急! F5 Trigonometry 11q7

Q20.
(a) Area of triangle FBC = (1/2)(8)(8)sin 45 = 22.6274
The perpendicular distance from F to BC x BC x 1/2 = Area of triangle FBC
So the perpendicular distance from F to BC = 22.6274 x 2/8 = 5.6569
AF^2 = 7^2 + 8^2, so AF = 10.6301
So angle between FA and plane ABCD = arc sin ( 5.6569/10.6301) = 32.15 degree.
(b)
By Cosine Rule, FC^2 = 8^2 + 8^2 - 2(8)(8)cos 45.
So FC = 6.1229
AF = AC = 10.6301
By Cosine Rule
FC^2 = AF^2 + AC^2 - 2(AF)(AC)cos (angle FAC)
37.4903 = 113 + 113 - 2(113) cos ( angle FAC)
angle FAC = angle between line FA and line AC
= arc cos (188.5097/226)
= 33.4763 degree.
Q21.
(ai) Angle between line AB and plane = arc sin ( 5/13) = 22.6199 degree.
(aii) By Cosine Rule,
AC^2 = AB^2 + BC^2 - 2(AB)(BC) cos ( angle ABC)
8^2 = 8^2 + 13^2 - 2(13)(8) cos ( angle ABC)
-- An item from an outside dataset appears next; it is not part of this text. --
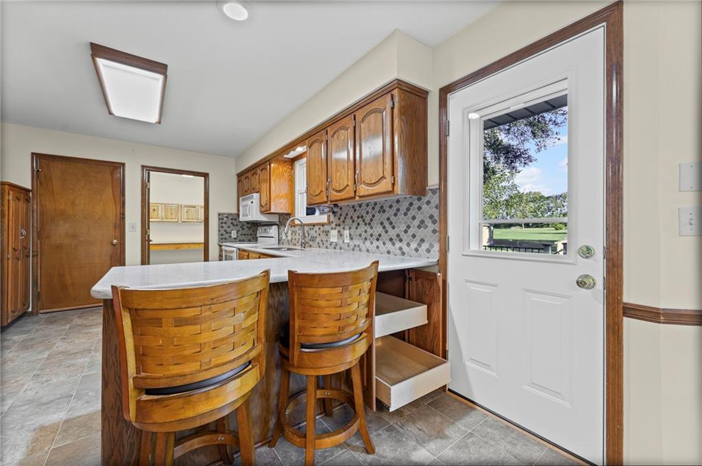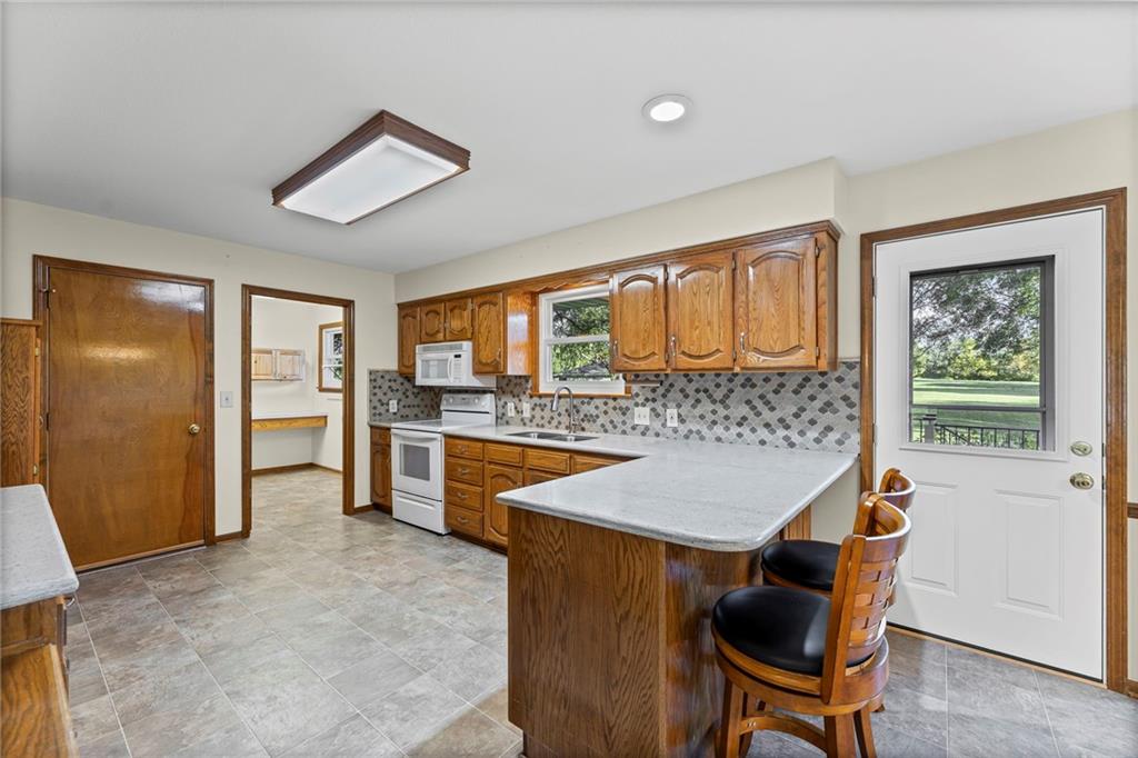 Check out this spacious true ranch on 1.64 acres! Peaceful setting at the end of a quiet street of small acreage homes. True one level living with 3bedrooms/2baths and laundry room on the main floor. The big kitchen has newer countertops & backsplash, custom roll-outs in the pantry and other lower cabinets & a great view of the backyard! Full basement with a half bath & separate third garage offers loads of storage and possibilities for expansion if you need more living space. Enjoy your morning coffee on the covered front porch and watch the sunset from the large deck off the kitchen! Updates include windows, vinyl siding, composite deck, counters & backsplash, roll-out shelves and more. Wonderful neighbors & no through traffic here!

so angle ABC = arc cos ( 13/16) = 35.6591 degree
so the perpendicular distance from A to BC = AB sin 35.6591 = 13 sin 35.6591 = 7.5785
so angle between the 2 planes = arc sin ( 5/7.5785) = 41.2817 degree.
(bi)
The perpendicular distance from D to BC/The perpendicular distance from A to BC = cos 41.2817
So the perpendicular distance from D to BC = 7.5785 x cos 41.2817 = 5.6951
So area of the projection = 5.6951 x 8 x 1/2 = 22.7802
(bii)
Since area of projection = area of triangle ABC x cos ( angle between ABC and the projection), so when A is lifted up, angle between them increases, cosine of the angle decreases, so area of projection decreases.